This loaf is a lovely option for avoiding gluten, yeast, egg, and dairy! It pulls together quickly and easily (once you have the ingredients). One recipe makes one 7 3/4-inch loaf. I have adapted it from freshisreal (dot) com, where the author also suggests that it can be used to make a 10-inch crust for pizza.
One loaf provides about 14 small slices. Toasts well!
1 c unsweetened hemp milk or other plant- or nut-based milk
1 T fresh lemon juice OR apple cider vinegar
1 c gluten-free oat flour
¾ c organic brown rice flour
¾ c organic sorghum flour
2 T baking powder (note ingredients to ensure it is free from corn, gluten, and aluminum)

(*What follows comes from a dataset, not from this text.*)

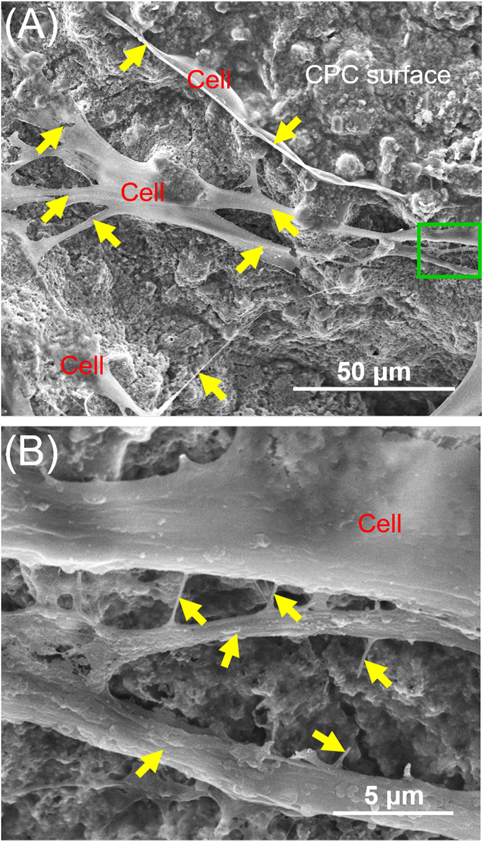 Typical SEM images of CPC scaffolds cultured with PDLSCs for 14 days. The image in (B) is a higher magnification of the green dotted frame in (A). Yellow arrows indicate a healthy cell spreading morphology.

2 T psyllium husk, whole (OR substitute ground flaxseed)
1 T organic coconut palm sugar
1 tsp sea salt
½ cup to ¾ c lukewarm filtered water (start with ½ c)
Optional loaf toppings can include oat flakes, seeds such as flax, hemp, sunflower, pumpkin, sesame, poppy; course sea salt, dry herbs.

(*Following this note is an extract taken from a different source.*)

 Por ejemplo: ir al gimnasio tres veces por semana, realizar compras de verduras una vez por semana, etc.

1. Preheat oven to 450F (or 440F if using a convection oven).
2. Line one 7 ¾-inch loaf pan (7 ¾ x 3 ¾ x 2 ¾ inches) with a wide strip of parchment to help in lifting the finished loaf from the pan. Lightly oil the pan and parchment with your preferred oil (coconut works well).
3. Use a small bowl to contain the milk; add the 1 T of either lemon juice or apple cider vinegar to sour it. Stir to mix.
4. Place a sifter over a large glass or stainless-steel bowl. Sift and combine all dry ingredients: flours, baking powder, sugar, salt, and psyllium or flaxseed.
5. Remove sifter and mix the dry ingredients well.
6. Add water, starting with the smaller amount of ½ cup. Mix well until all liquid is absorbed. The dough should be smooth and easily stirred, but not soupy.
7. Let the dough rest in the bowl for 5 minutes.
8. Scoop the dough into the prepared loaf pan and gently smooth the top.
9. Sprinkle your choice of topping into the wet dough.
10. Bake in the preheated oven until the loaf is golden and the edges are crusty.
11. Remove the pan from the oven and let it cool on a wire rack for 5-10 minutes.
12. Remove the loaf from the pan, using the parchment to assist with lifting.
13. Let the loaf cool completely before slicing. Refrigerate for up to five days (may be kept in a counter-top container for the first day).
Nutrition estimates for one slice: 95 cal, 2.4g protein, 1.2g fat, 227mg sodium, 18.9g carb. Daily values: 7% Calcium, 5% Iron.